We just streamlined Gretel’s Python SDK

Start building with synthetic data in just 3 lines of code 🚀

At Gretel, we strive to build tools that our users love. Our goal is to make Gretel the simplest and most enjoyable way for developers to generate high-quality synthetic data. This is why we are beyond excited to introduce the new high-level interface for our Python SDK, which we designed to be as simple, flexible, and intuitive as possible for our users.

With nearly 900k downloads, our Python SDK is one the most popular ways to build with Gretel. With the new interface, our users will save time (and brain power!) by writing 3x less code than was previously required. Their workflows will also be dramatically simplified through more thoughtful logging, helper methods for assessing synthetic data quality, and a streamlined way to dynamically customize model configurations. And since the interface is built on top of the lower-level SDK, no changes to any existing code are necessary.

Sounds awesome, right? Let’s dive in! 

A first look at our SDK’s new interface

The high-level interface is implemented in our SDK as the new Gretel object, which serves as a one-stop shop for interacting with Gretel’s APIs, models, and the associated artifacts. 

With the new interface, training a state-of-the-art deep generative model from scratch only takes a few lines of code:

from gretel_client import Gretel

gretel = Gretel(api_key="prompt")
trained = gretel.submit_train("tabular-actgan", data_source="data.csv")

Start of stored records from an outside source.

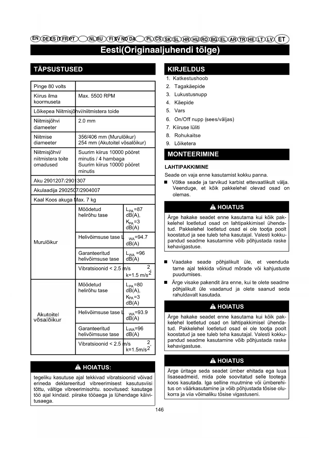 HOIATUS: tegeliku kasutuse ajal tekkivad vibratsioonid võivad erineda deklareeritud vibreerimisest kasutusviisi tõttu, vältige vibreerimisohtu. soovitused: kasutage töö ajal kindaid. piirake tööaega ja lühendage käivi- tusaega. KIRJELDUS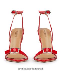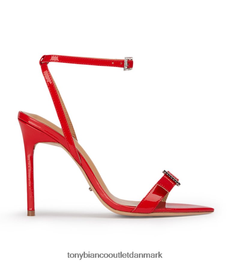 Den perfekte stilethæl er her. mød mopsy, en fed rød patenthæl med et spidstådesign og en slank ankelrem. afsluttet med et dekorativt diamantspænde foran og ankel.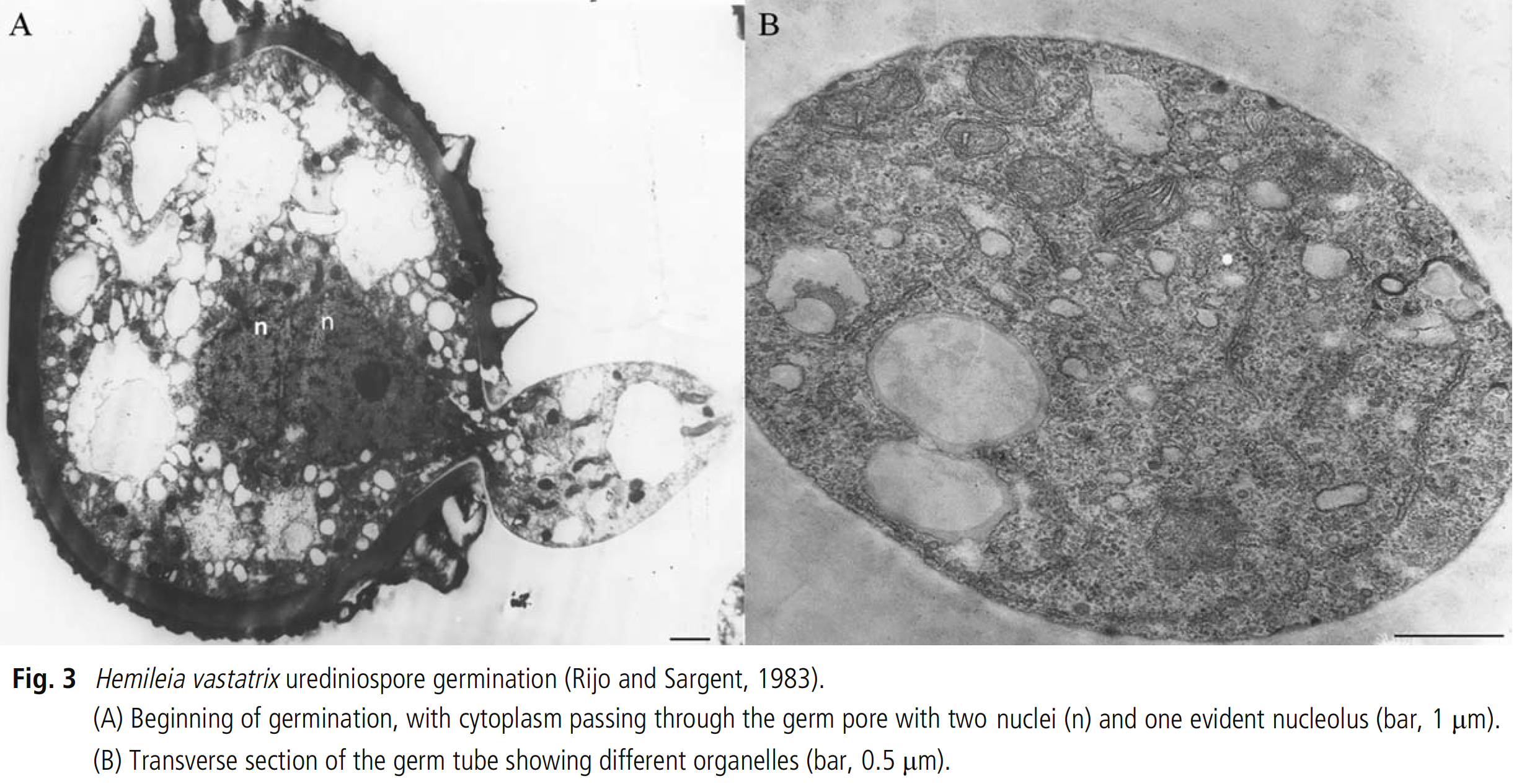 초미세구조적 스터디들(Ultrastructural studies)에서는 H. vastatrix 하포자의 발아가 하나 또는 두 개의 發芽孔 (germ pores)을 통해 이루어진다는 사실이 밝혀졌다 (Rijo and Sargent, 1983).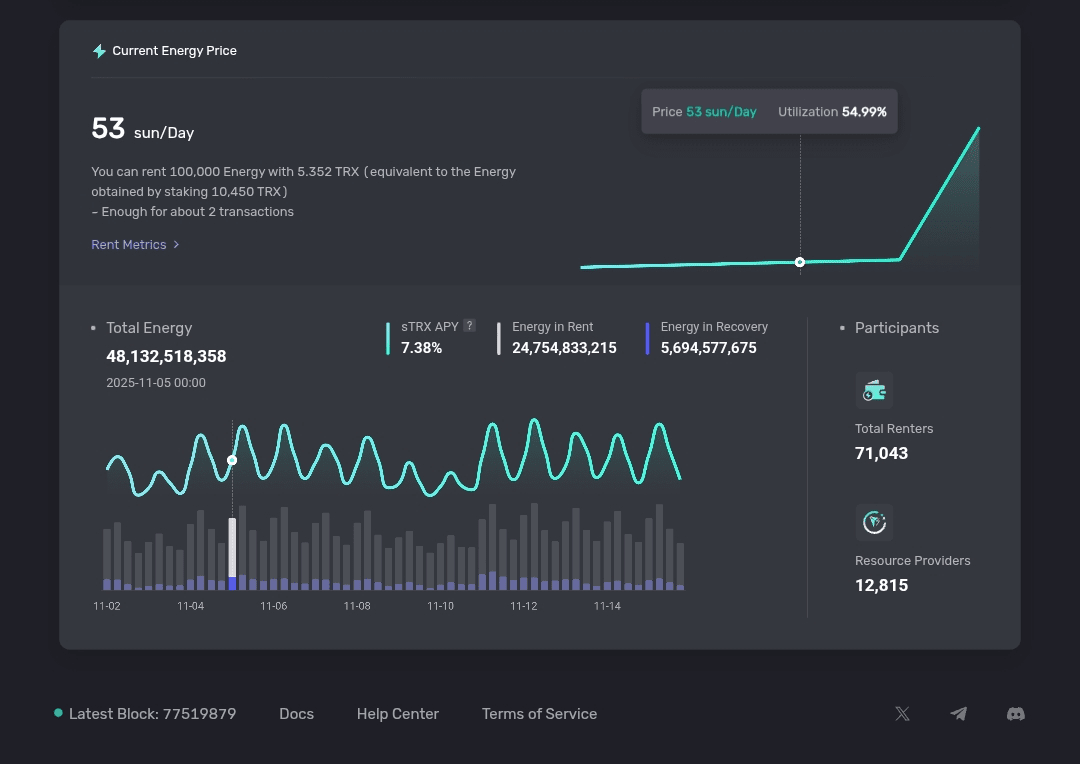 As of November 15, JustLend DAO's energy rental daily price is 53 SUN, requiring only 5.352 TRX to rent 100,000 units of energy (equivalent to the energy obtained by staking 10,450 TRX), sufficient to cover two contract transactions. The cumulative number of participating users has exceeded 70,000, becoming a core service of high-frequency demand within the ecosystem.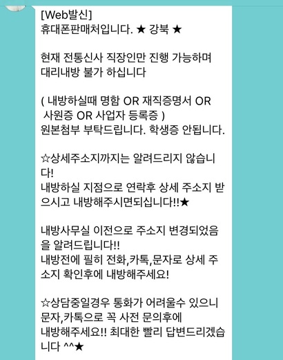 그러나 실제 연락처로 연락을 해본 결과는 달랐다. 해당 광고는 페이백 제공 판매점 광고였던 것이다. 영업은 기록이 남는 문자나 녹음이 가능한 통화로 이뤄지지 않았다. 구입을 원하는 손님이 직접 숨겨진 영업점을 찾아 상담을 받아야 했다. 상담은 현장에서만 이뤄졌다.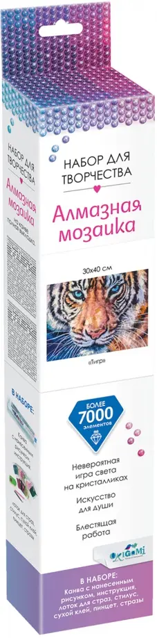 Алмазные картины на канве - это тренд рынка товаров для творчества! И мы создали для вас шикарную коллекцию алмазных мозаик, покоряющую сердца. Самые востребованные дизайны, подтвержденные анализом рынка, придутся по вкусу даже притязательным ценителям блестящих картин для дома. Качественные материалы и модернизированные инструменты для работы позволят в полной мере насладиться творческим процессом. Наша новая алмазная мозаика на канве "Тигр" в размере 30х40 см понравится и детям, и взрослым! Наслаждайтесь творчеством вместе с нами!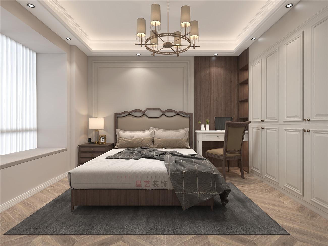 保姆房稍微小一些,但總體來說也是簡約舒適,主要采用藍灰色為主。房間有不同風格的美式吊燈,增加每個空間的奢華感,精致感,讓每個家庭成員都能在這樣溫暖舒適的環境中找到家的歸屬感。
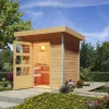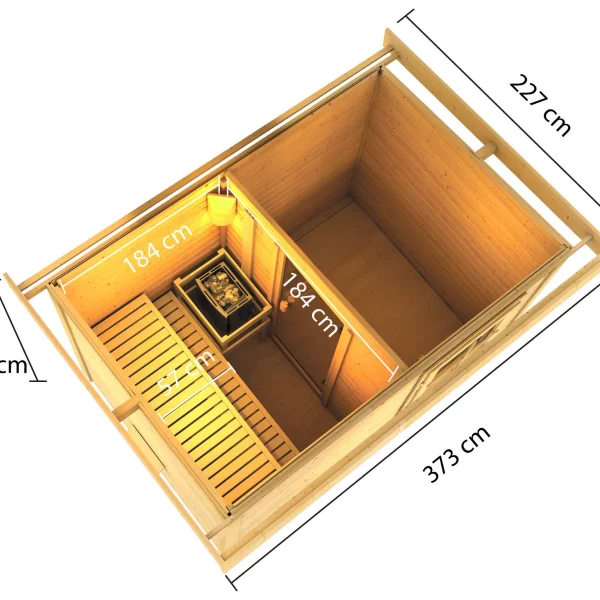 Wilt u zich even rustig uitkleden in een aangrenzende kamer voordat u naar de sauna gaat, na een sauna sessie heerlijk ontspannen op een comfortabele stoel of deze gebruiken om de benodigde accessoires op te bergen? De buitensauna Tajo 1 met voorkamer biedt u deze en vele voordelen. Met een totale buitenafmeting van 337 x 196 x 239 cm (B/H/D) creëert het huis de nodige ruimte voor een saunacabine voor ontspanning en een praktische voorkamer.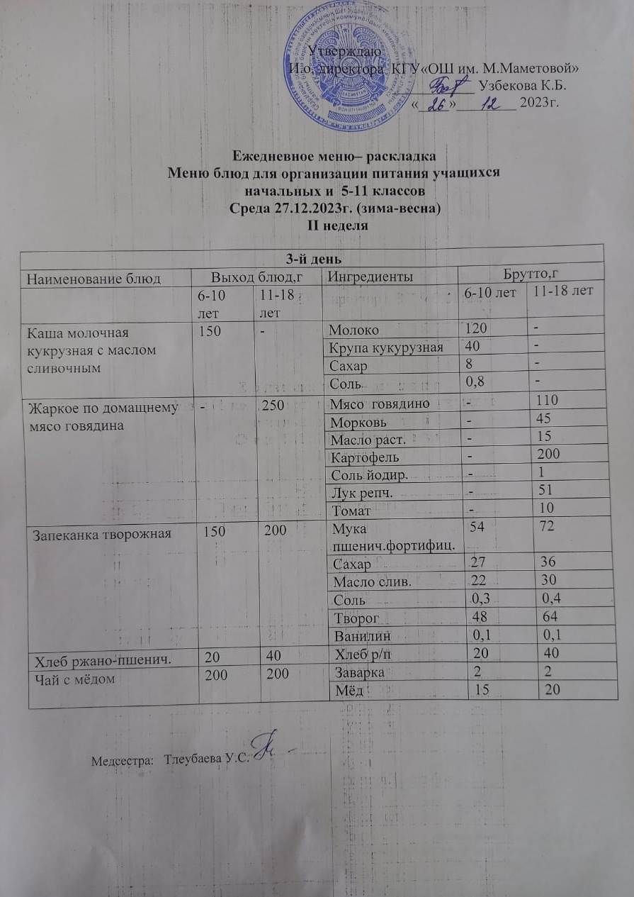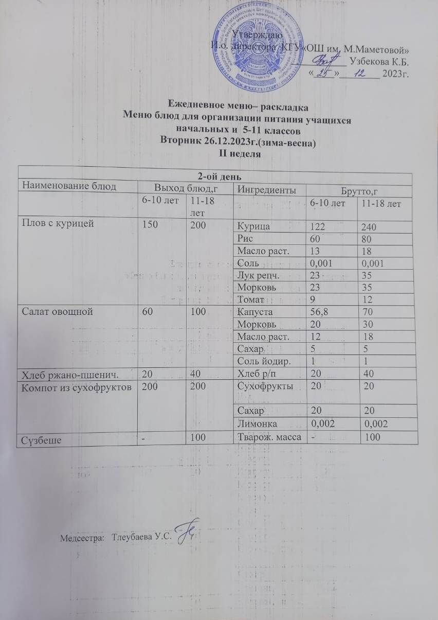 26.12.2023 БАСТАУЫШ СЫНЫПТАР МЕН 5 – 11 СЫНЫПТЫҢ ӘЛЕУМЕТТІК ОСАЛ ТОП ОҚУШЫЛАРЫНЫҢ ТЕГІН ТАМАҚТАНУЫН ҰЙЫМДАСТЫРУҒА АРНАЛҒАН АС МӘЗІРІ

Behind the scenes, Gretel spins up the necessary compute resources, loads and configures the model, and trains (in this case) our tabular ACTGAN model on the data in the input csv file.

Gretel’s Synthetic Data Quality Report is automatically generated and fetched for you to assess the quality of the model without leaving your notebook:

# view quality scores
print(trained.report)

# display full report in your notebook
trained.report.display_in_notebook()

On-demand synthetic data generation using any of your previously trained models is simple:

generated = gretel.submit_generate(trained.model_id, num_records=100)

Once again, Gretel will spin up the necessary compute resources to generate the data, so you don’t need to worry about managing cloud infrastructure or GPUs to run your model! 

Upon completion of the generation job, your synthetic data will be automatically fetched and stored as a Pandas DataFrame, making it straightforward to integrate into your data pipeline:

print(generated.synthetic_data.head())

Ready to build with Gretel? Start here 👇

The best way to get started with the Gretel SDK and its new high-level interface is to work through the Gretel SDK Blueprints, which are a series of Colab notebooks that are designed to provide a solid foundation for building your own projects with Gretel. 

  1. Gretel 101 Blueprint – Learn the basics of the Gretel SDK by training a deep generative model in the Gretel Cloud. 

  2. Gretel Advanced Tabular Blueprint – Use the Gretel SDK to easily customize model configurations and conditionally generate synthetic data.

  3. Gretel Text Generation Blueprint – Leverage the Gretel SDK to finetune and prompt a multi-billion parameter language model.

If you are already building with Gretel, you can start using the new interface right away by updating to the most recent version of our Python SDK:

pip install -U gretel-client

We can’t wait to see what you create with our synthetic data models and new SDK upgrades. Thanks for reading, and happy coding!